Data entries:
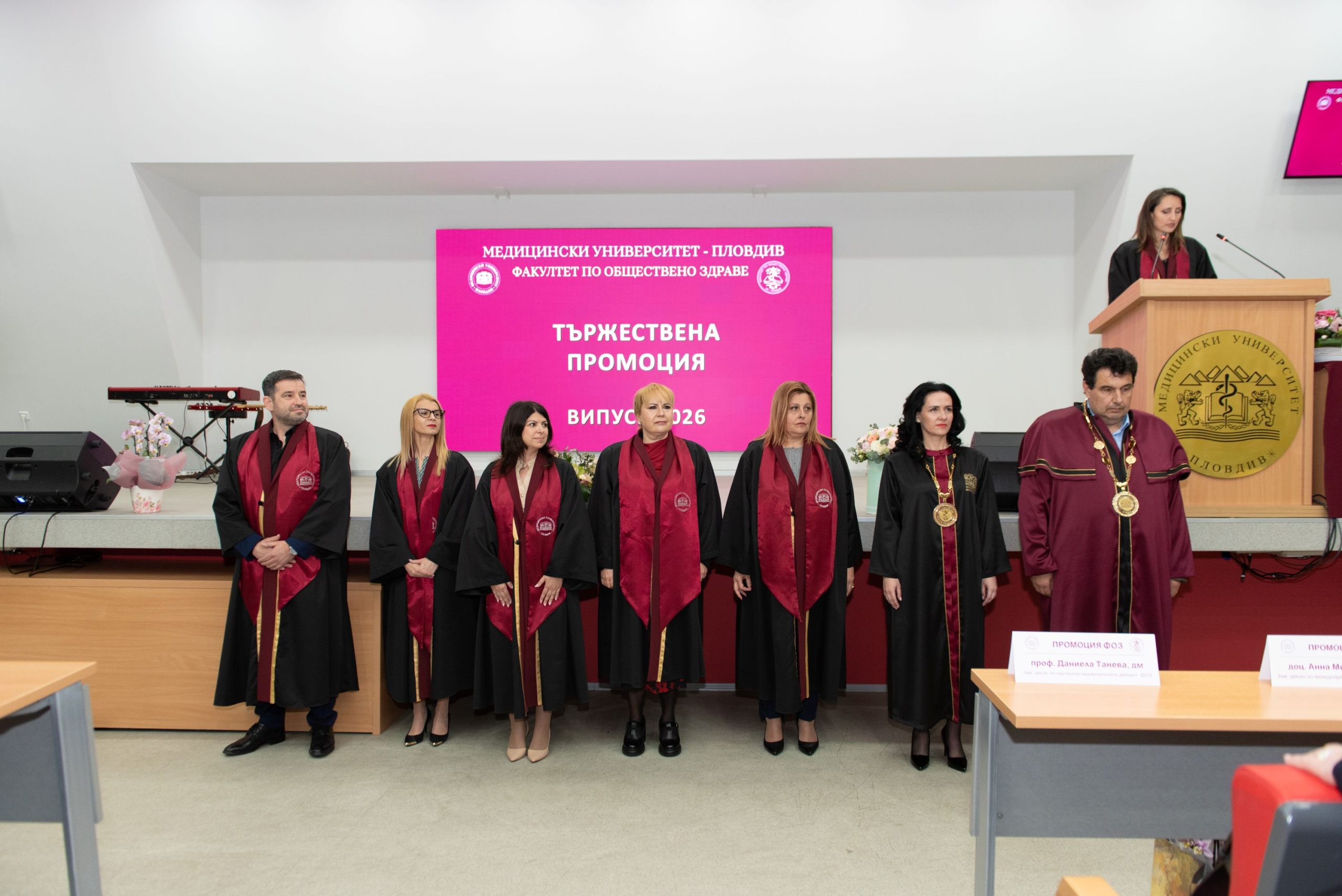 15 Заместник-кметът по екология и здравеопазване Иван Стоянов бе гост на тържествената промоция на дипломантите от випуск 2026 на Факултета по обществено здраве при Медицински университет – Пловдив. Той поздрави ръководството на университета като двигател на модерното здравеопазване и подчерта значимостта на бъдеща професионална реализация на абсолвентите за развитието на здравната система и опазването на общественото здраве. Общо 177 магистри и бакалаври получиха своите дипломи тази година, като средният успех от обучението и държавните изпити е много добър. Дипломанти завършиха в направленията „Обществено здраве и здравен мениджмънт“, „Управление на здравните грижи“, „Фармацевтичен бизнес мениджмънт“ и „Рехабилитация, уелнес, СПА и балнеолечение“. Тържествената церемония премина в празнична атмосфера, с участието на преподаватели, близки и гости, които споделиха значимия момент с абсолвентите. Ръководството на университета пожела на младите специалисти успешна професионална реализация и принос към общественото здраве в България. Може да ви хареса също Обновяват девет паркинга в Пловдив с камери, бариери и умни системи Десетки нови чинари обогатяват зелената система на Гребната база Ясни са номинациите за престижната Награда „Пловдив“ за изминалата година Заместник-кметът инж. Хакъ Сакъбов присъства на откриването на STEM център в СУ „Пейо Яворов“
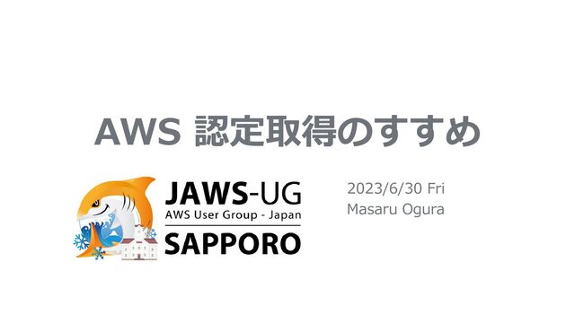 AWS 認定取得のすすめ 2023/6/30 Fri Masaru Ogura
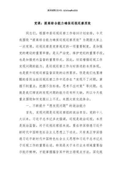 / 【七哥公文】2024年:党课:提高综合能力确保巡视巡察质效+更多免费公文+VX:QiGeGongWen2024
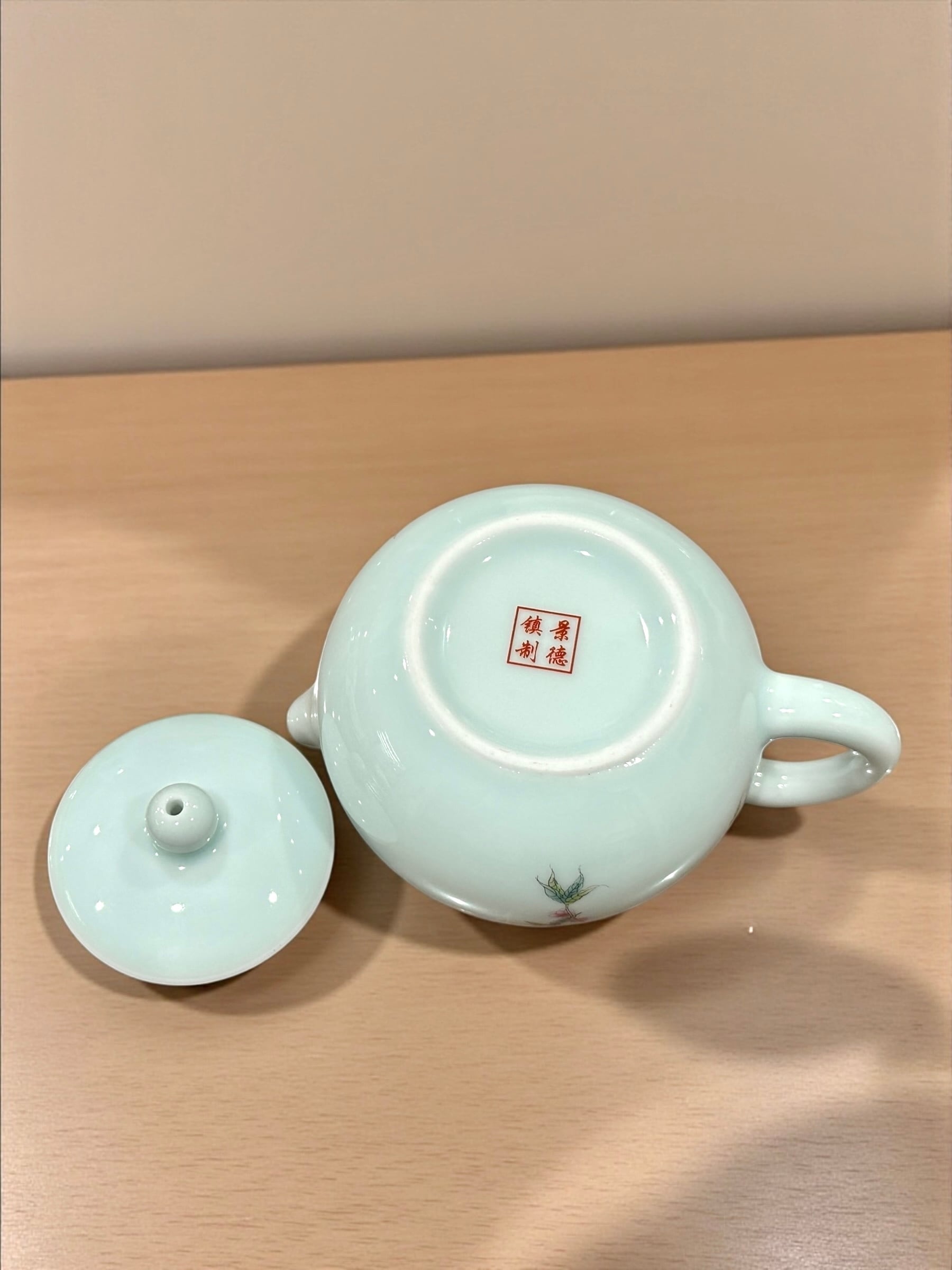 磁器製の淡く上品な青磁色の茶器です。
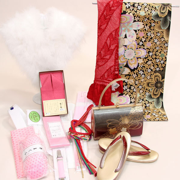 項目 | 振袖フルセット レンタル ~小物まですべて揃う:20点フルセット~ ・振袖仕立て上がり ・長襦袢仕立て上がり ・袋帯 ・帯揚げ ・帯締め ・重ね衿 ・ショール ・草履バッグセット ・着物スリップ ・帯枕 ・前板 ・後板 ・腰紐4本 ・伊達締め ・マジックベルト ・三重仮紐 ・着付ベルト ・衿芯 ・足袋 |
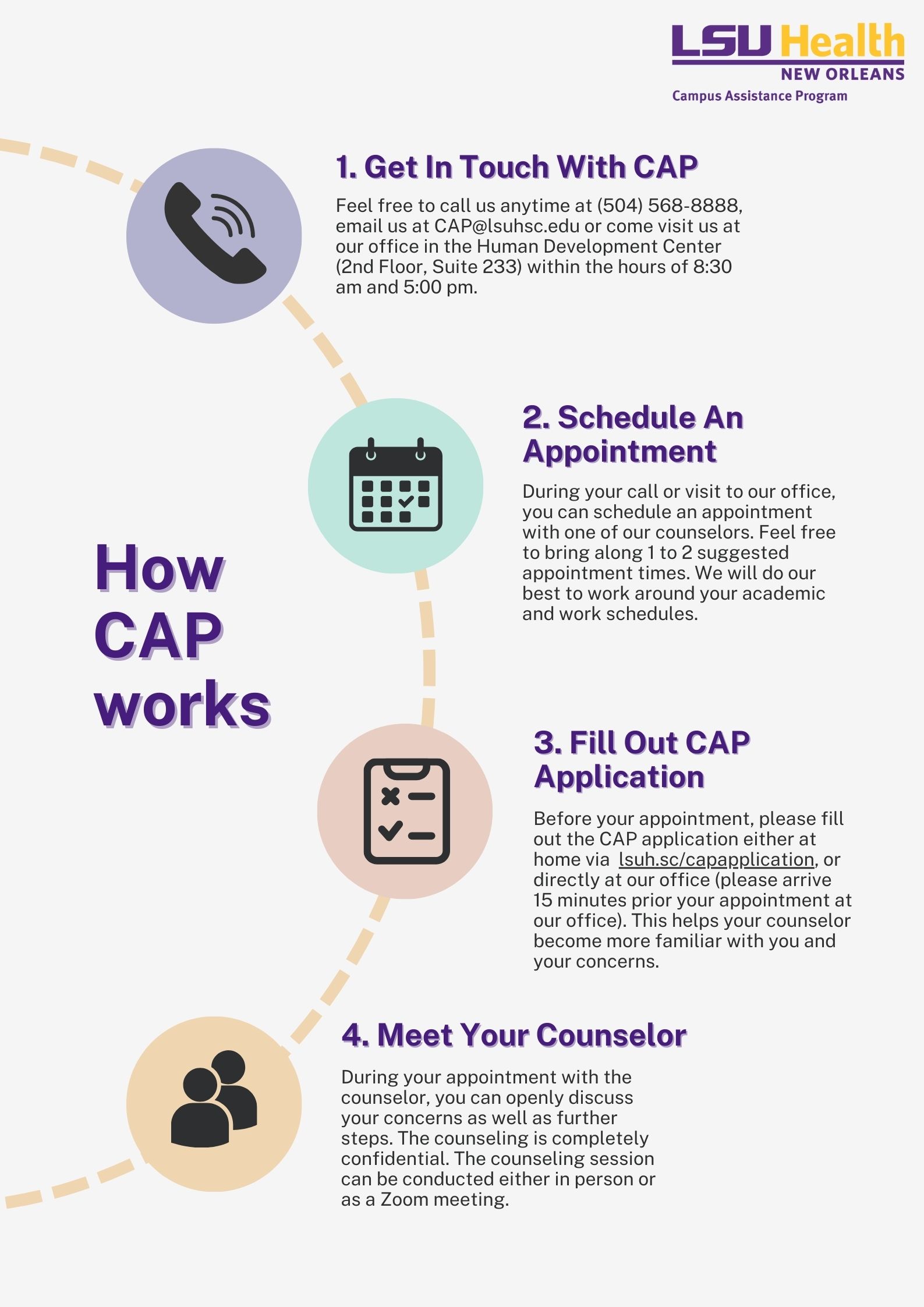 The mission of the LSUHSC Campus Assistance Program (CAP) is to support the mental, emotional, and physical well-being of students, faculty, staff, and immediate family members in order to promote the overall health and effectiveness of the LSUHSC-NO community.

Your task –
Exclude the pictures and repeat the entries word for word.

Answer to this problem –
 15 Заместник-кметът по екология и здравеопазване Иван Стоянов бе гост на тържествената промоция на дипломантите от випуск 2026 на Факултета по обществено здраве при Медицински университет – Пловдив. Той поздрави ръководството на университета като двигател на модерното здравеопазване и подчерта значимостта на бъдеща професионална реализация на абсолвентите за развитието на здравната система и опазването на общественото здраве. Общо 177 магистри и бакалаври получиха своите дипломи тази година, като средният успех от обучението и държавните изпити е много добър. Дипломанти завършиха в направленията „Обществено здраве и здравен мениджмънт“, „Управление на здравните грижи“, „Фармацевтичен бизнес мениджмънт“ и „Рехабилитация, уелнес, СПА и балнеолечение“. Тържествената церемония премина в празнична атмосфера, с участието на преподаватели, близки и гости, които споделиха значимия момент с абсолвентите. Ръководството на университета пожела на младите специалисти успешна професионална реализация и принос към общественото здраве в България. Може да ви хареса също Обновяват девет паркинга в Пловдив с камери, бариери и умни системи Десетки нови чинари обогатяват зелената система на Гребната база Ясни са номинациите за престижната Награда „Пловдив“ за изминалата година Заместник-кметът инж. Хакъ Сакъбов присъства на откриването на STEM център в СУ „Пейо Яворов“
 AWS 認定取得のすすめ 2023/6/30 Fri Masaru Ogura
 / 【七哥公文】2024年:党课:提高综合能力确保巡视巡察质效+更多免费公文+VX:QiGeGongWen2024
 磁器製の淡く上品な青磁色の茶器です。
 項目 | 振袖フルセット レンタル ~小物まですべて揃う:20点フルセット~ ・振袖仕立て上がり ・長襦袢仕立て上がり ・袋帯 ・帯揚げ ・帯締め ・重ね衿 ・ショール ・草履バッグセット ・着物スリップ ・帯枕 ・前板 ・後板 ・腰紐4本 ・伊達締め ・マジックベルト ・三重仮紐 ・着付ベルト ・衿芯 ・足袋 |
 The mission of the LSUHSC Campus Assistance Program (CAP) is to support the mental, emotional, and physical well-being of students, faculty, staff, and immediate family members in order to promote the overall health and effectiveness of the LSUHSC-NO community.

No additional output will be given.